Karena yang sering terjadi, penarikan tanpa memberikan pekerjaan


pengganti. Memang disatu sisi, orang membutuhkan pekerjaan dengan
status pekerja tetap, dikarenakan akan tetap mendapatkan perlindungan
walaupun setelah tidak lagi berkerja karena batas usia (pensiun). Akan
tetapi, disisi lain seseorang dihadapkan pada pilihan apakah memilih untuk
tidak bekerja atau memilih untuk menerima pekerjaan dengan sistem
outsourcing yang meletakkan tenaga kerja pada posisi yang lemah.

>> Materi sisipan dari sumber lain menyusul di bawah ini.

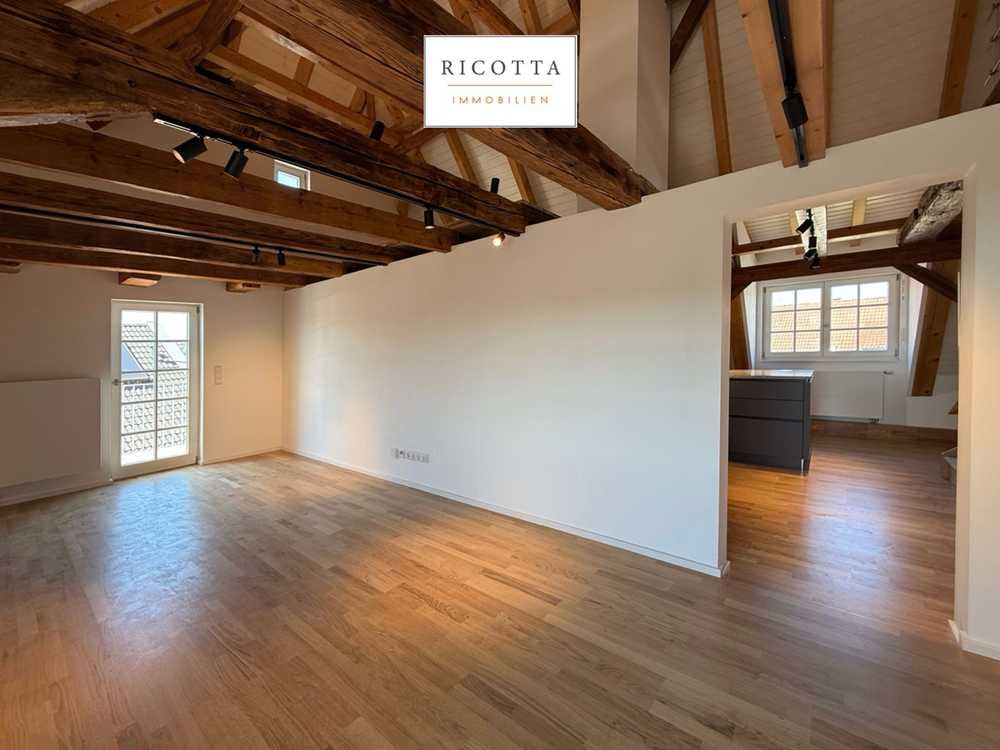 Beim Betreten der schönen Dachgeschosswohnung eröffnet sich über eine elegante Holztreppe der lichtdurchflutete Galerie- und angrenzende Wohnbereich. Hier setzen detailverliebte Elemente wie die moderne Glasabtrennung, die doppelt verglasten Sprossenfenster und die imposanten, freigelegten Holzbalken eindrucksvolle Akzente und verleihen der Einheit ihren unverwechselbaren Charakter. Rechts erstreckt sich der großzügige Wohn- und Essbereich mit direktem Zugang zu einem sonnigen Südbalkon — ein herrlicher Platz zum Entspannen und Genießen. Die moderne, großzügig gestaltete Küche ist mit einer hochwertigen Einbauküche, edler Granitarbeitsplatte und Abluftsystem nach außen ausgestattet. Auch hier findet sich ausreichend Raum für einen zusätzlichen Essbereich, ideal für gesellige Abende. Die charmanten Altbauholzbalken durchziehen den gesamten Wohnbereich und unterstreichen zusammen mit dem durchdachten Lichtkonzept die warme, einladende Atmosphäre.

Sedangkan apabila dilihat dari sisi perusahaan atau pengusaha, sistem
outsourcing ini memberikan berbagai keuntungan karena dapat
mendukung tujuan usahanya di era perkembangan ekonomi global dan
kemajuan teknologi yang kemudian timbulnya persaingan usaha yang
begitu ketat dan terjadi disemua sektor kehidupan manusia. Ditambah
sekarang ini sudah disahkan Undang-Undang Nomor 11 Tahun 2020
Tentang Cipta Kerja yang mengubah sebagian ketentuan Undang-Undang
Nomor 13 Tahun 2003 Tentang Ketenagakerjaan, yang salah satunya
terkait ketentuan pekerja outsourcing. Maka dari itu, pekerjaan dengan
sistem outsourcing ini sangat menarik untuk dikaji dan dibahas regulasi
dan penerapannya agar dapat melindungi hak tenaga kerja.